The method for constructing a non-coordinating interpolation function for optimizing the calculation precision of the finite element software according to claim 4, further comprising:

For the curved shell element on the curvilinear coordinate system, the complete rigid body displacement is supplemented in the displacement mode.
The non-coordinating interpolation function construction method for optimizing the calculation precision of the finite element software according to claim 4 or 5, wherein the transformation formula of the two-dimensional orthogonal curve coordinate system of the unit curved surface and the linear coordinate system transformation is:

There are six undetermined coefficients A i , B i , C i , (i=1, 2) in the coordinate transformation relationship determined by a system of equations that transforms six linear transformation coordinate values of 0 or 1.

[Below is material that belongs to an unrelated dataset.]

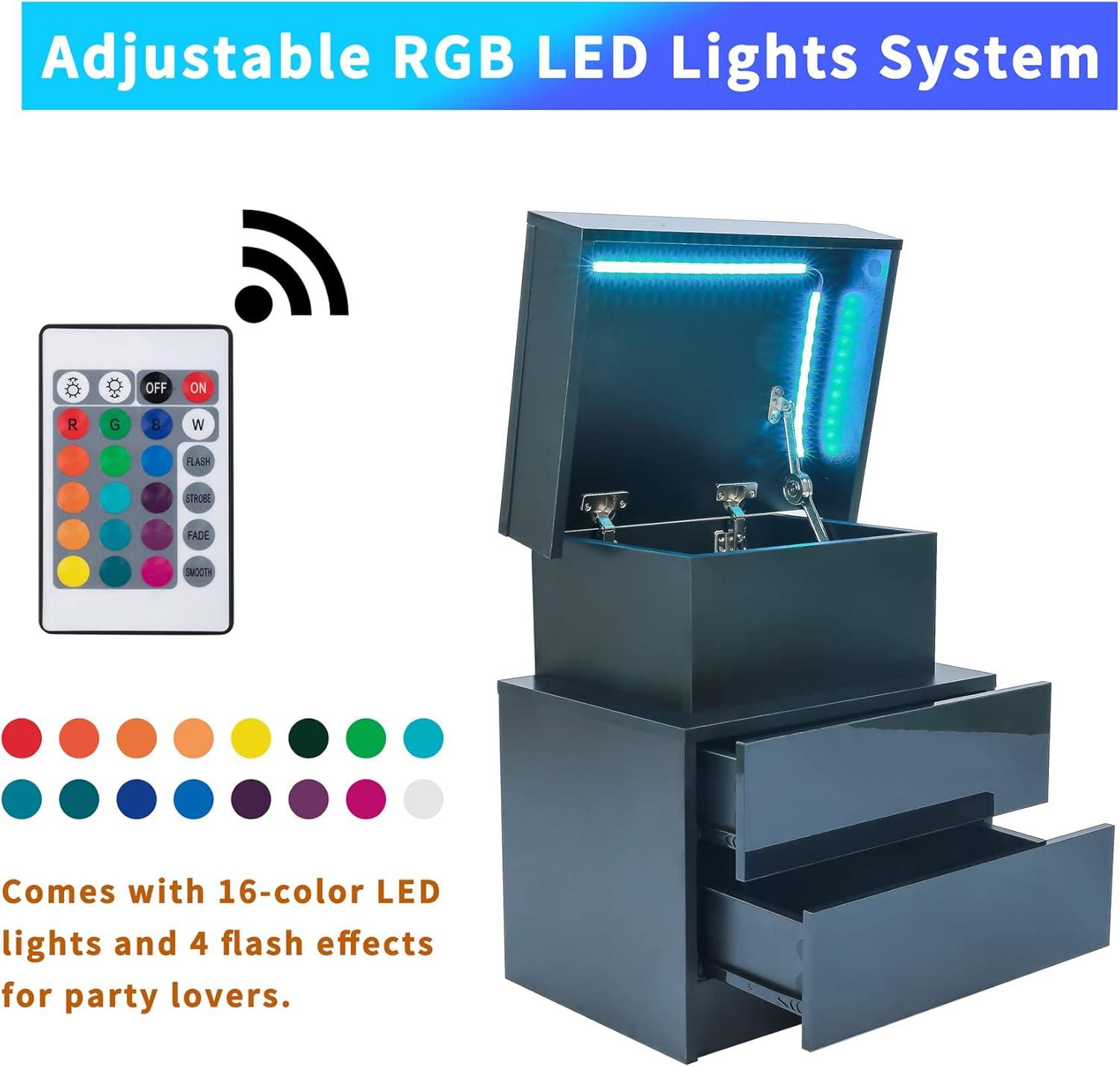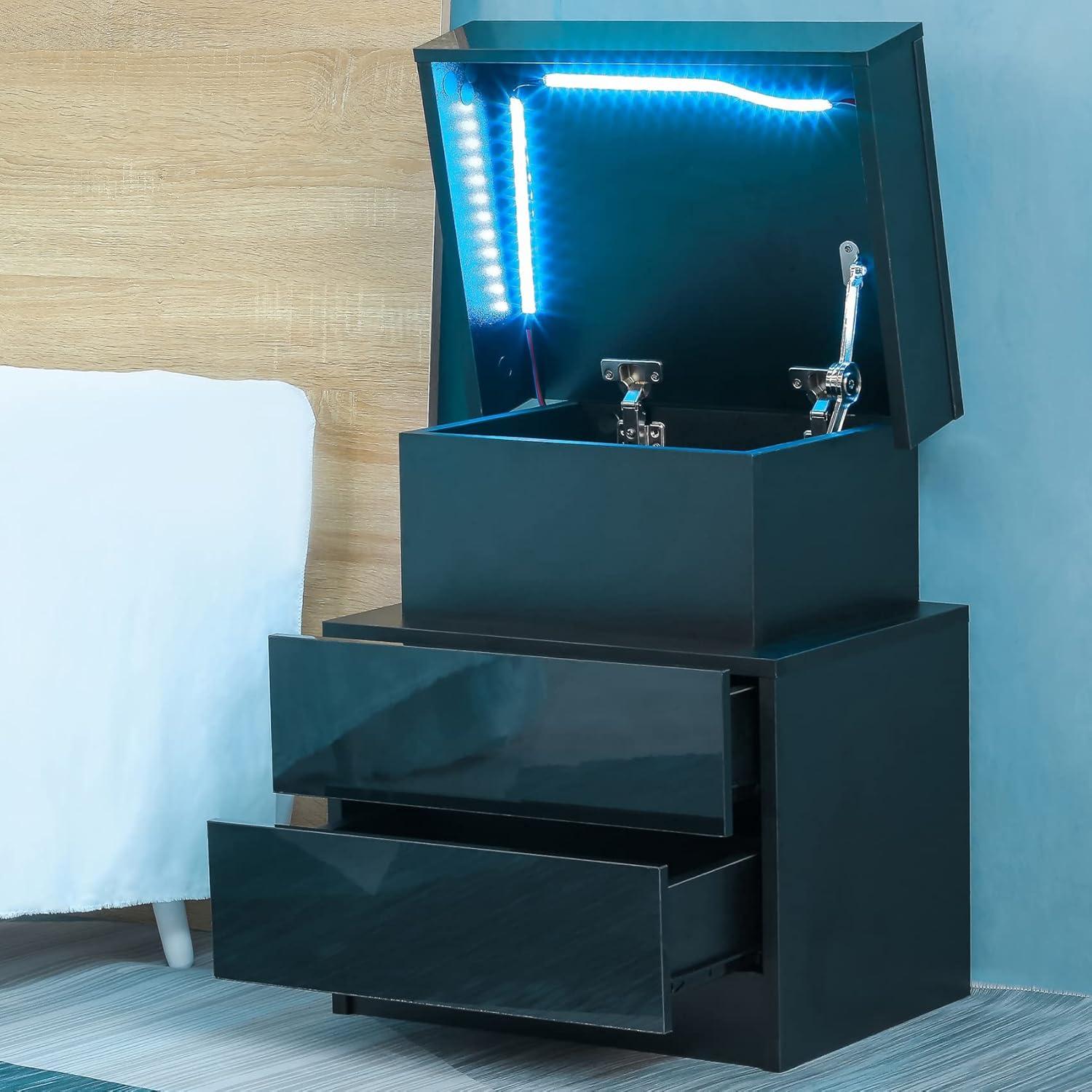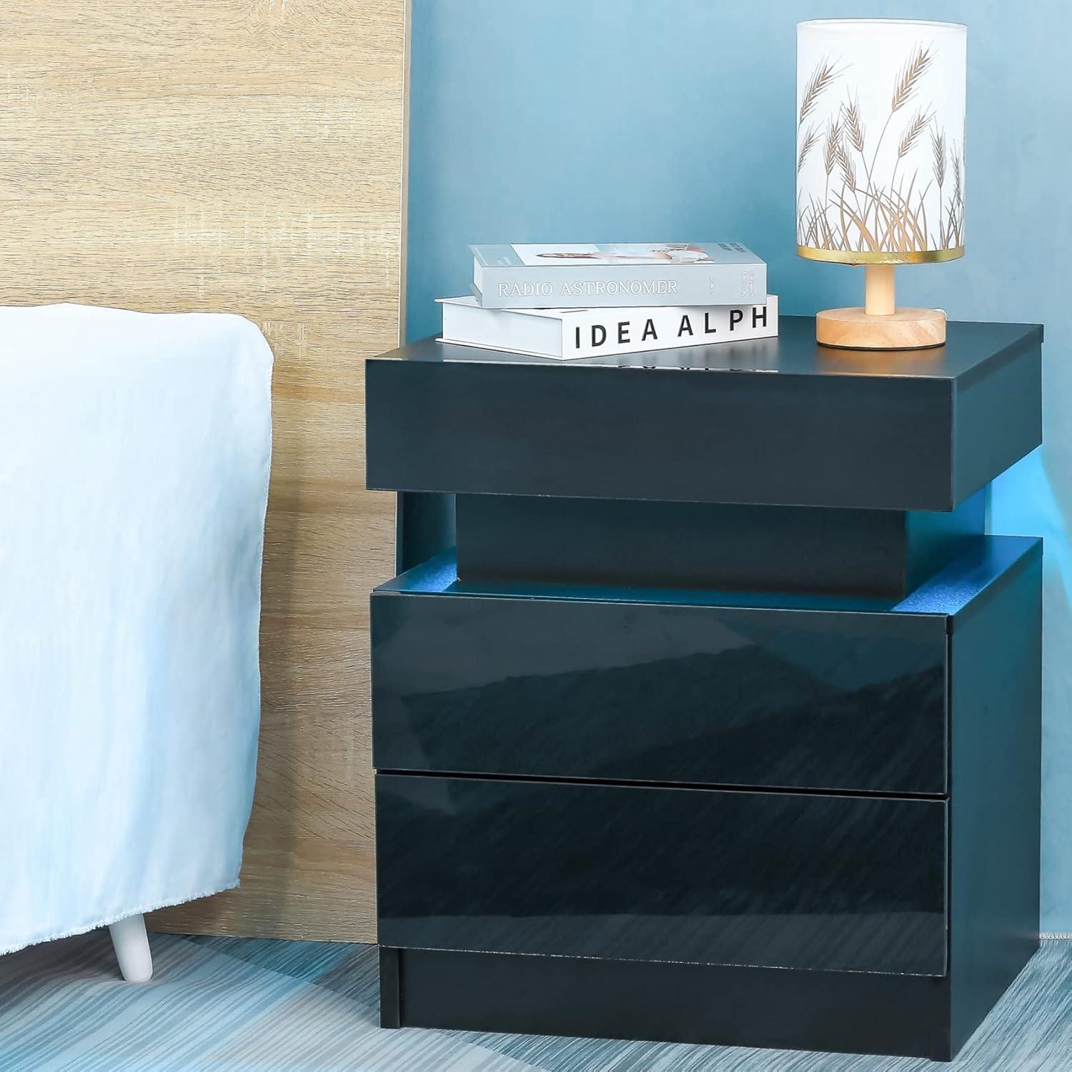 The LED lighting feature truly sets these stands apart. Equipped with 16 vibrant RGB LEDs and adjustable brightness across four modes, the ambient glow adapts beautifully to different moods and settings. The included remote control makes switching colors and modes effortless, turning a simple nightstand into a customizable light experience. Moreover, the sleek black finish paired with high gloss drawers lends a modern, stylish touch that complements various décor themes.Practical, stylish, and fun-the overall build and design quality gave us confidence in daily use.
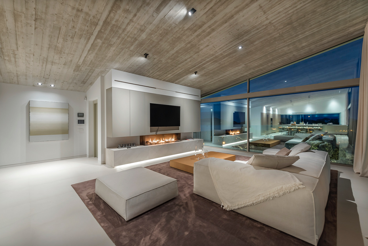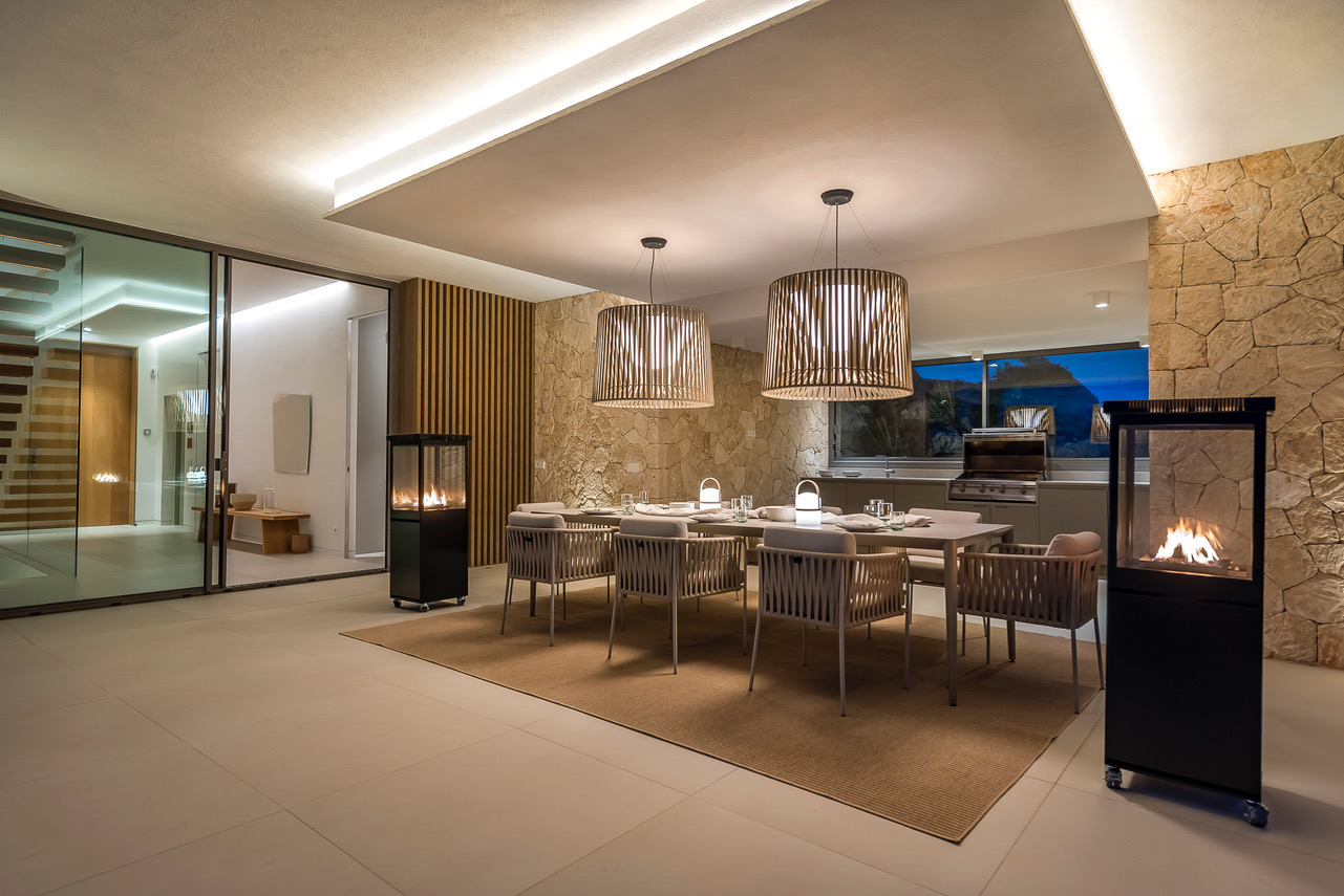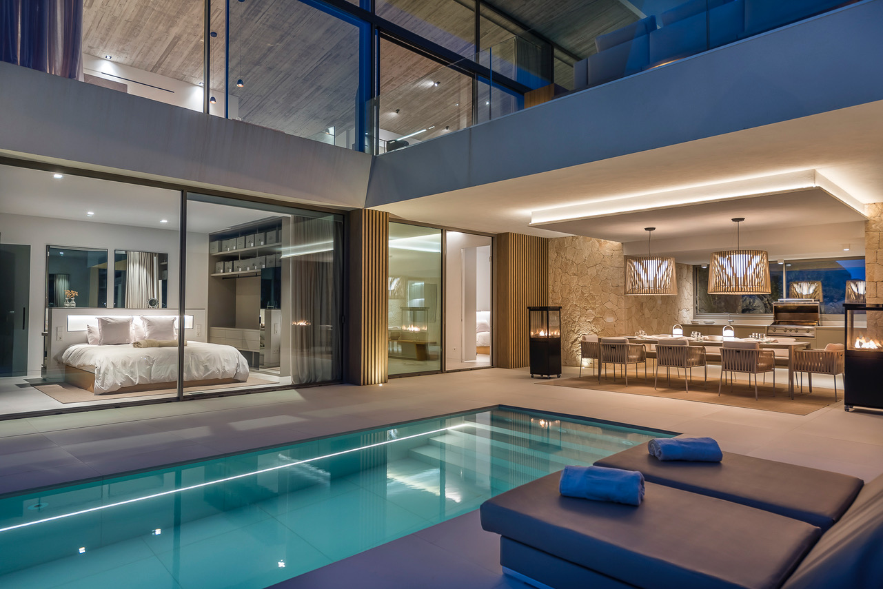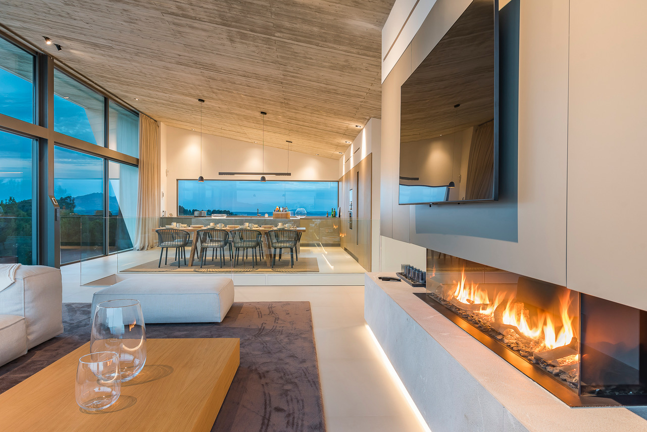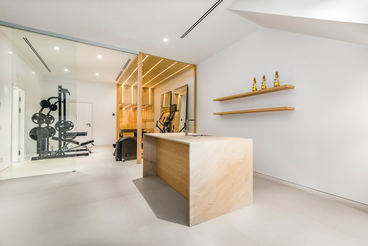 Au niveau de l’entrée se trouve l’espace nuit avec les 4 chambres doubles et salles de bain. Une belle terrasse y a été également aménagée. Cuisine d’été extérieure, barbecue, grande table et éclairage font de ce lieu l’endroit idéal pour profiter de délicieux repas. La piscine permet de faire de belles longueurs tout en profitant d’une magnifique vue sur la mer et sur les reliefs alentours. A l’étage, une grande pièce divisée en deux continue d’offrir là encore une vue exceptionnelle sur la nature environnante gr âce à ses grandes baies vitrées. Le salon avec sa cheminée au gaz, une fois allumée, confère à l’endroit une ambiance relaxante de cocooning. Les touches de couleurs au plafond et au sol avec les tapis apportent un c ôté encore plus chaleureux. Le mobilier est moderne et de grande qualité. Une deuxième terrasse à cet étage permet de profiter d’un salon extérieur et surtout d’un grand bassin avec jacuzzi. Un ascenseur vous mènera au sous-sol qui est composé d’un salon avec une salle de fitness et un sauna pour des moments de bien- être.

A non-coordinating interpolation function construction system for optimizing the calculation precision of a finite element software, comprising: a memory, a processor, and a computer program stored on the memory and operable on the processor, wherein the processor executes The computer program implements the steps of the method of any of the preceding claims 1 to 6.
A computer readable storage medium having stored thereon a computer program, wherein the program is executed by a processor to perform the steps of any of the methods of any of claims 1 to 6.